First of all we want to thank the reviewers for their
deep and careful revision of the paper, and their very constructive
comments. All their suggestions will be carefully addressed in the
camera-ready/revision of the paper. Below we just address the main
issues (though all reviewers reported only minor issues).
Rev. #1
(Assigned_Reviewer_4) ======
We will add the requested
reference to the relaxation of the Frobenius norm optimization.
We
will add supporting references regarding the theoretical guarantees of
group Lasso, which are not just heuristics, to produce joint active sets.
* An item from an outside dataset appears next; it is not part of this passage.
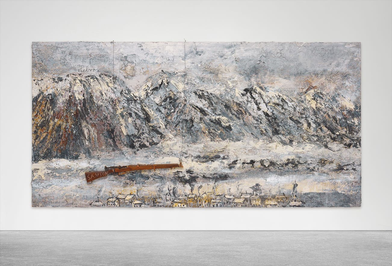 During the time this series was created, Kiefer was honoured in Germany and the United States, awarded with the Berliner Bär B.Z.-Kulturpreis as well as the Leo Baeck Medal in recognition of his contributions to German and Jewish reconciliation. Certainly, Alkahest is a culmination of the artist’s formidable use of imagery and critical exploration, an epic in scope and complexity. Pervaded by powerful notions of metamorphosis, Kiefer’s series is based on narratives inspired by the philosophical writing of Martin Heidegger, the poems of Friedrich Hölderlin, and Johann Wolfgang von Goethe, as well as Nordic mythology and biblical stories taken from the Old Testament. The present lot, Samson and Delilah, 2011, is an exemplary work from the Alkahest series, at once majestic and loaded, the viewer is presented with an awe-inspiring perspective as we gaze over a great expanse of mountain range looming over a quiet village. Affixed directly onto the canvas by two hanging wires is a large rifle incised with the name SAMSON. Floating directly above the rifle, another inscription appears hovering in the sky, Hebron, a term roughly translated to mean friend or alliance. Of course, the appearance of this word could also denote the proper name of an actual place, Mount Hebron, located in the southern West Bank and extending into Israel. This region was known for its Israelite and Hasmonean kingdoms during classical antiquity and also the geographical location of the city of Hebron.
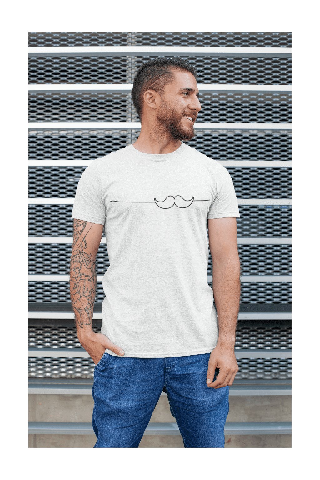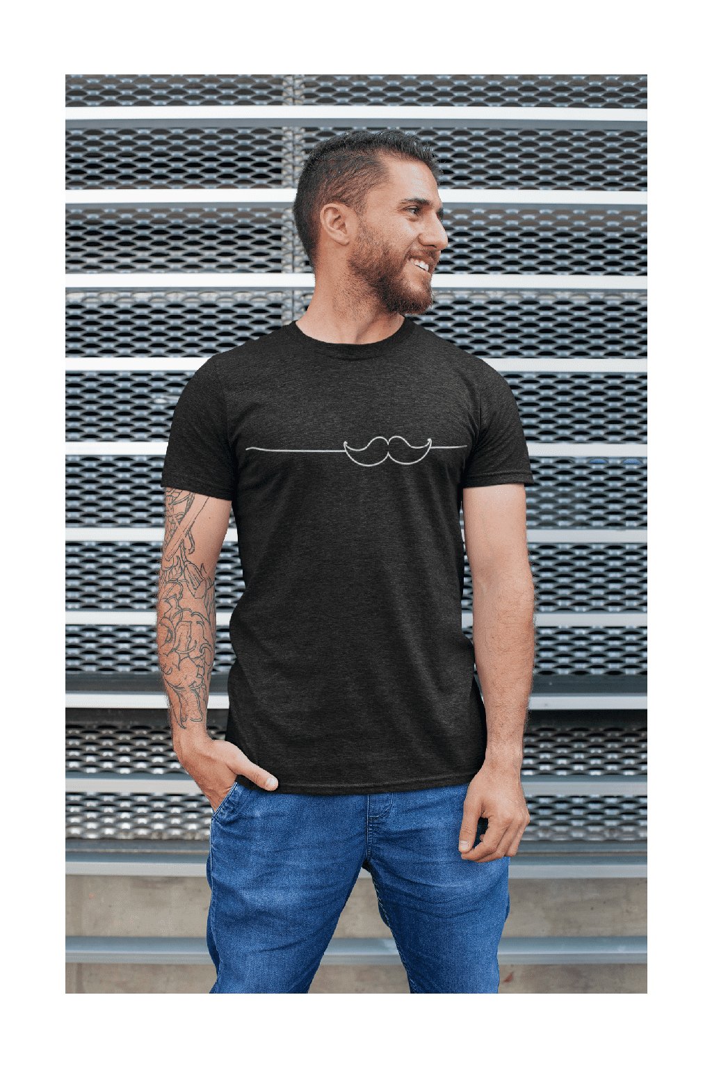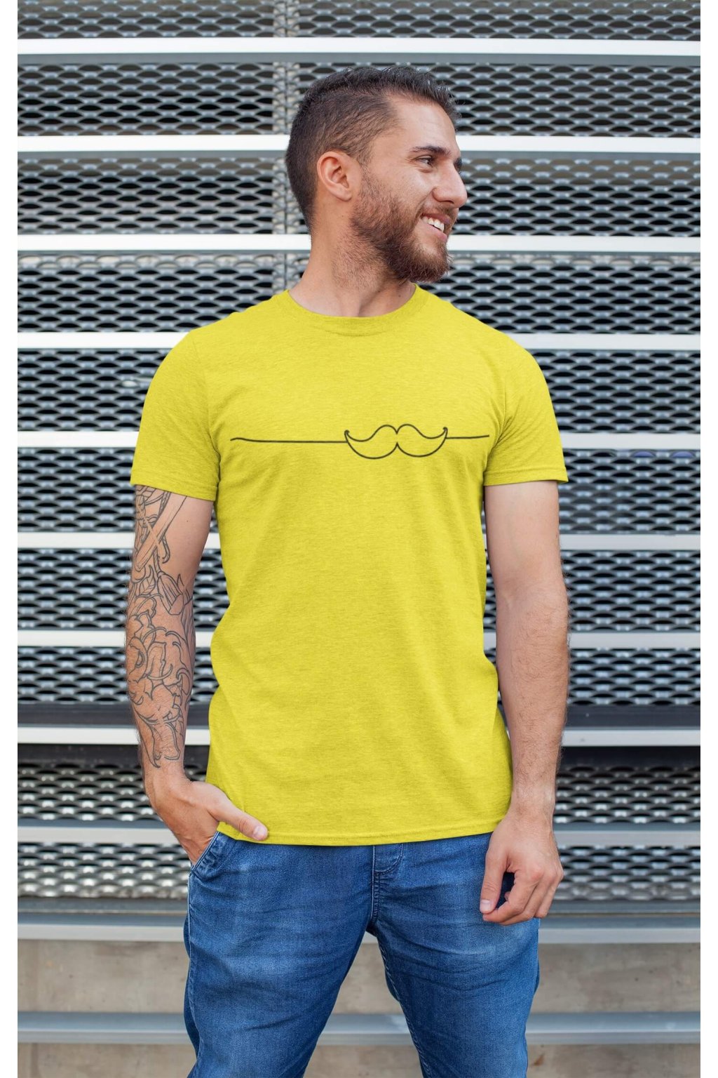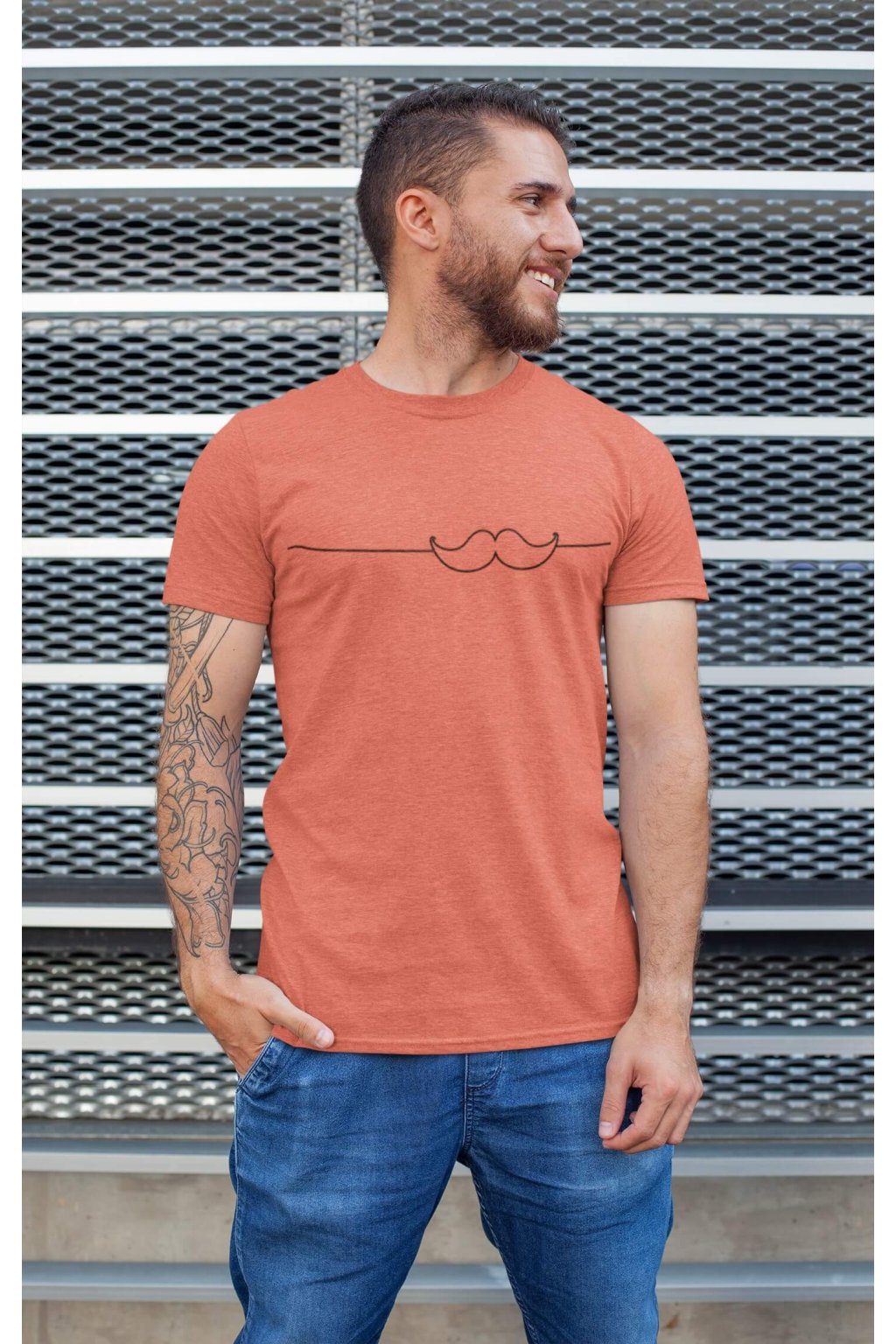 Pánske bavlnené tričko s krátkym rukávom s originálnou potlačou. Na tričku je obrázok fúzikov.

While the proof of Lemma 1 is given for undirected graphs with no
self-loops, the result holds for directed graphs and with self-loops. We
chose to include this reduced version in order to keep the proof simple,
and also because of space restrictions. However, the proof is very
similar.
We will discuss more the noise issue for the multimodal
experiment; note that at high noise, the actual matching is lost and then
the real relevance of matching the graphs is doubtful. In other words,
the validity of the match at high noise is not clear, since the graphs are
not matchable/compatible any more. We will discuss this further in the
revision.
The goal of the fMRI experiment was indeed to further
validate the approach, we will discuss this further and illustrate also
how this technique helps in classification, meaning classifying for
example gender from the network graph.
We will clarify and correct
the issue with "real data" for the experiments.
Rev. #2
(Assigned_Reviewer_5) ======
An L1 norm inside the group term
in (2), due to the separability of the norm, will not promote group
sparsity but general sparsity on the matrix itself. Therefore, the
optimization would force both matrices AP and PB to be sparse, but with no
link between their support. This will be made clear in the revised version
We will add convergence details (not only empirical but also
theoretical) on Algorithm 1.
We will further discuss the results
in Fig. 2, which we believe show significant improvement, in particular
because the proposed method outperforms state-of-the-art in all tested
datasets, sometimes by a little and sometimes by a lot. Previous
approaches were better for some datasets and worse for others, while ours
is always better; we will add the average improvement to further stress
this.
The size of the real world graphs were fixed by the
application of course. As for the synthetic examples, we tried to show
results for graphs of the same order as in the state-of-the-art paper by
Zaslavskiy et. al. However, the approach is scalable indeed. We will
discuss the computational complexity, which is derived from the
state-of-the-art optimization algorithms used.
Thanks for the
suggestion on fMRI, we are now seriously pursuing this line of research
with large datasets collected at our and other universities and will
present some of the results at the conference.
Rev. #3
(Assigned_Reviewer_6) ======
While the fMRI experiment was
presented to further stress and confirm the validity of the proposed
framework, we are currently extending this and will present some of
the findings at the conference. In particular, this type of approach is
significantly improving our performance in network classification, e.g.,
how to classify brains according to the computed activity network. We are
observing double digit improvements in performance and this will be
reported.
| |